Data science incubator miniproject: Social graphs

New York Social Diary provides a fascinating insight into the life of New York's social elite. The data forms a natural social graph. Take a look at this page of a recent run-of-the-mill holiday party:

http://www.newyorksocialdiary.com/party-pictures/2014/holiday-dinners-and-doers

You will notice the photos have carefully annotated captions labeling those that appear in the photos. We can think of this as implicitly implying a social graph: there is a connection between two individuals if they appear in a picture together.

Fetching the data can be broken down into two phases:

The first step is to crawl the data. We want photos from parties before December 1st, 2014. Go to http://www.newyorksocialdiary.com/party-pictures to see a list of (party) pages. For each party's page, grab all the captions.

Questions

1. degree

The simplest question to ask is "who is the most popular"? The easiest way to answer this question is to look at how many connections everyone has. Return the top 100 people and their degree. Remember that if an edge of the graph has weight 2, it counts for 2 in the degree.

2. pagerank

A similar way to determine popularity is to look at their pagerank. Pagerank is used for web ranking and was originally patented by Google and is essentially the stationary distribution of a markov chain implied by the social graph.

Use 0.85 as the damping parameter so that there is a 15% chance of jumping to another vertex at random.

3. best_friends

Another interesting question is who tend to co-occur with each other. Give us the 100 edges with the highest weights.

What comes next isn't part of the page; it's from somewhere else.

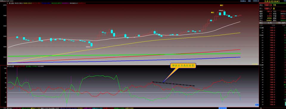 通过对黄金小时图解析得知,上周五白天时间段多头主力有拉高出货迹象,从下方的附图可以清楚地看到在横盘震荡期间形成了资金背离迹象,到了美盘时间段多头主力再次回复继续大量增仓动作一路增仓到目前为止,虽然今日早盘回落了接近20美金的空间但是我们可以清楚的看到多头主力持仓量已经再次创新高动作说明行情将会继续震荡上行上方继续关注1999和2010一线的阻力位即可,在操作上我们继续重点逢低做多思路不变,具体建议盘中通知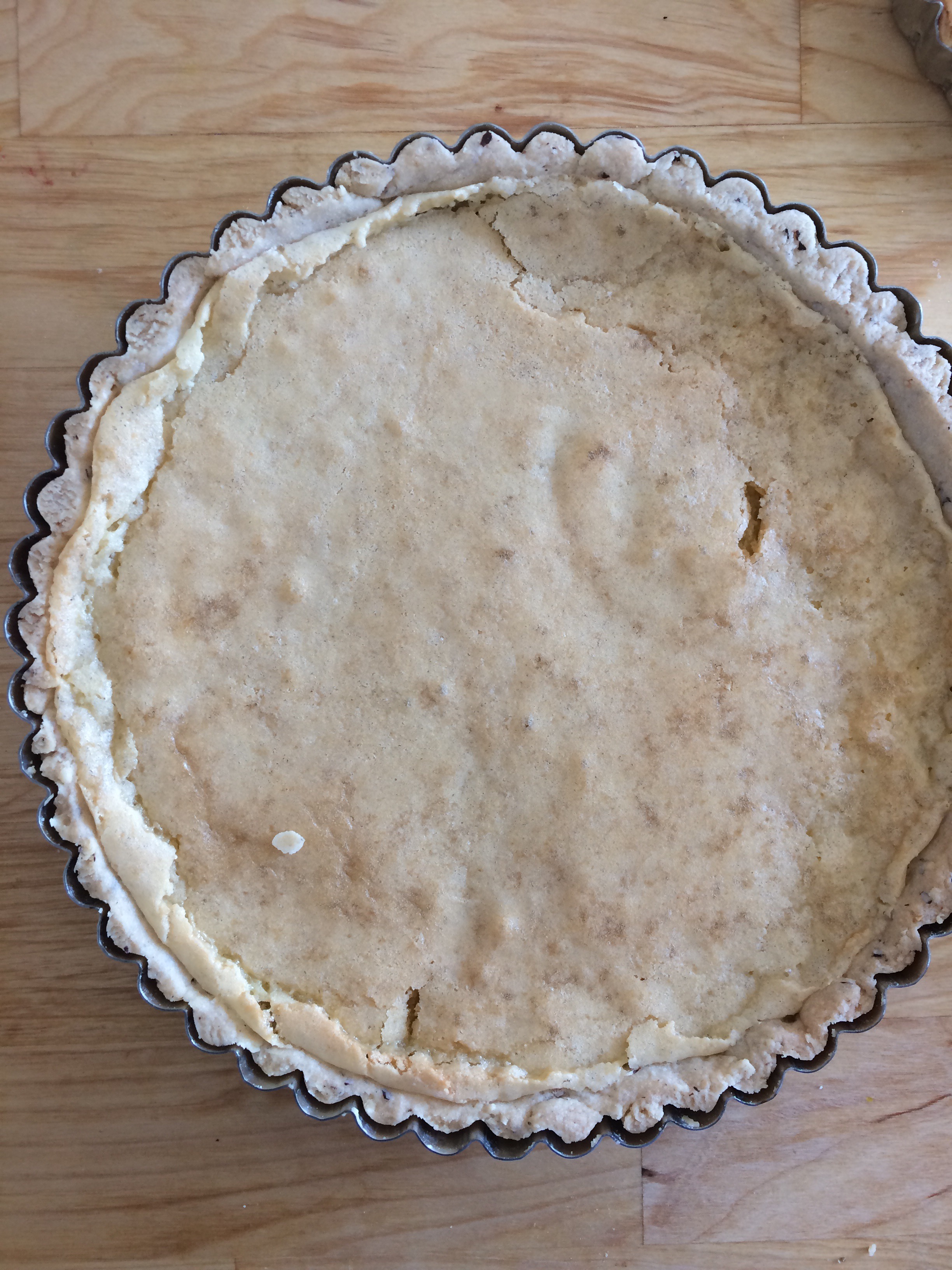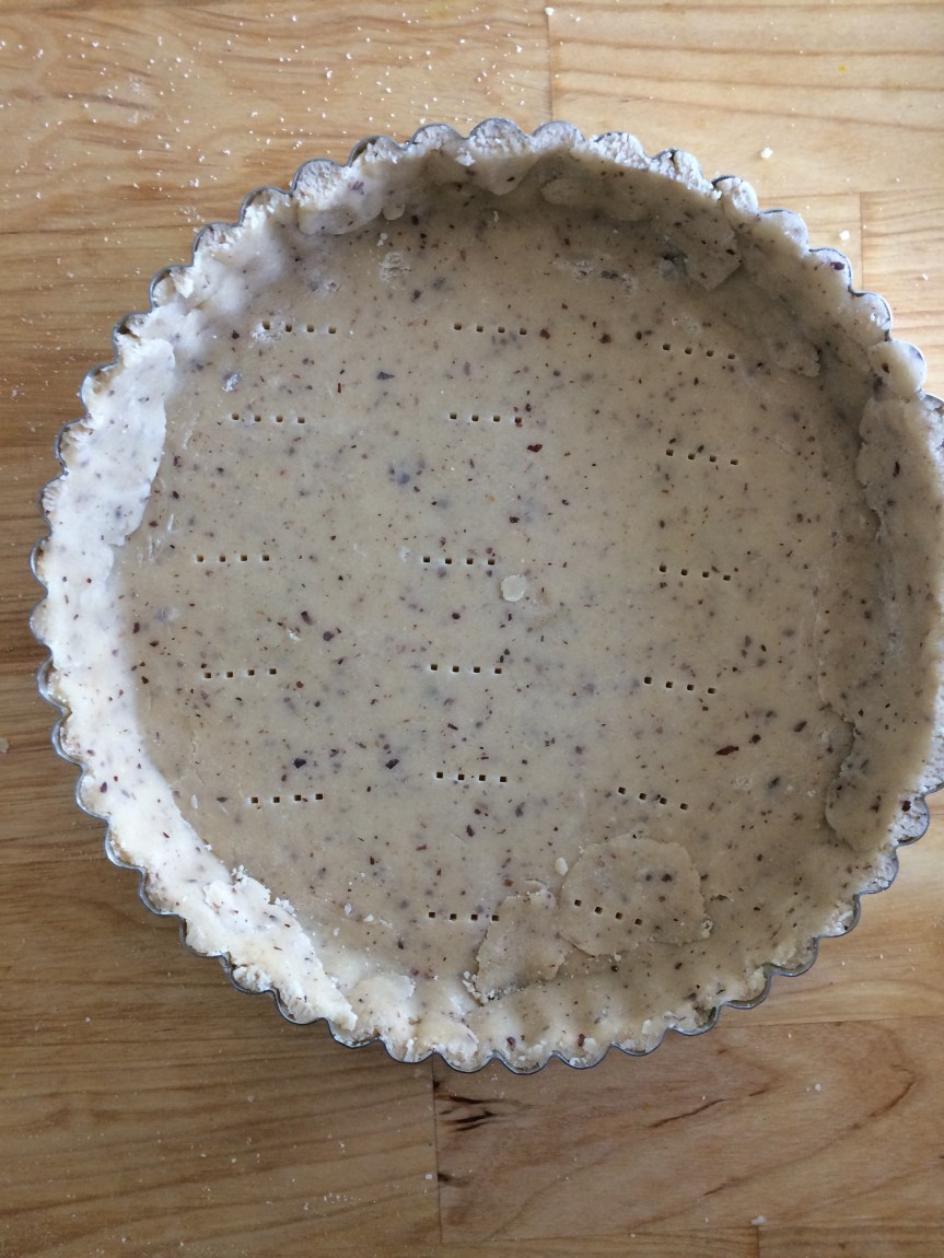 Remove from fridge and on a floured surface, roll into a 10.5 inch circle. Gently roll the dough onto a lightly floured rolling pin and unravel onto a lightly greased 8-9 inch tart pan. This method ensures that the dough doesn’t break. Press dough into the tart pan and refrigerate for 1 hour.

Google these people and see what their connection is. Can we use this to detect instances of infidelity?

Hints

1. Click on the on the index page and see how they change the url. Use this to determine a strategy to get all the data.
2. Notice that each party has a date on the index page. Use python's datetime.strptime function to parse it.
3. Some captions are not useful: they contain long narrative texts that explain the event. Usually in two stage processes like this, it is better to keep more data in the first stage and then filter it out in the second stage. It's usually faster download more data than you need now than to have to redownload more data later.
4. To avoid having to re-scrape every time you run your code, you can consider saving the data to disk, and having the parsing code load a file. A checkpoint library like ediblepickle can streamline the process so that the time-consuming code will only be run when necessary.
5. HTTP requests can sometimes fail inconsistently. You should expect to run into this issue and deal with it as best you can.

Now that you have a list of all captions, you should probably save the data on disk so that you can quickly retrieve it. Now comes the parsing part.

1. Some captions are not useful: they contain long narrative texts that explain the event. Try to find some heuristic rules to separate captions that are a list of names from those that are not. A few heuristics include:
   • look for sentences (which have verbs) and as opposed to lists of nouns. For example, nltk does part of speech tagging but it is a little slow. There may also be heuristics that accomplish the same thing.
   • Look for commonly repeated threads (e.g. you might end up picking up the photo credits or people such as "a friend").
   • Long captions are often not lists of people. The cutoff is subjective, but for grading purposes, set that cutoff at 250 characters.
2. You will want to separate the captions based on various forms of punctuation. Try using re.split, which is more sophisticated than string.split. Note: The reference solution uses regex exclusively for name parsing.
3. You might find a person named "ra Lebenthal". There is no one by this name. Can anyone spot what's happening here?
4. This site is pretty formal and likes to say things like "Mayor Michael Bloomberg" after his election but "Michael Bloomberg" before his election. Can you find other ('optional') titles that are being used? They should probably be filtered out b/c they ultimately refer to the same person: "Michael Bloomberg."
5. There is a special case you might find where couples are written as eg. "John and Mary Smith". You will need to write some extra logic to make sure this properly parses to two names: "John Smith" and "Mary Smith".
6. When parsing names from captions, it can help to look at your output frequently and address the problems that you see coming up, iterating until you have a list that looks reasonable. This is the approach used in the reference solution. Because we can only asymptotically approach perfect identification and entity matching, we have to stop somewhere.

Further considerations (not included in solution)

1. Who is Patrick McMullan and should he be included in the results? How would you address this?
2. What else could you do to improve the quality of the graph's information?

For the analysis, we think of the problem in terms of a network or a graph. Any time a pair of people appear in a photo together, that is considered a link. What we have described is more appropriately called an (undirected) multigraph with no self-loops but this has an obvious analog in terms of an undirected weighted graph. In this problem, we will analyze the social graph of the new york social elite.

We recommend using python's networkx library.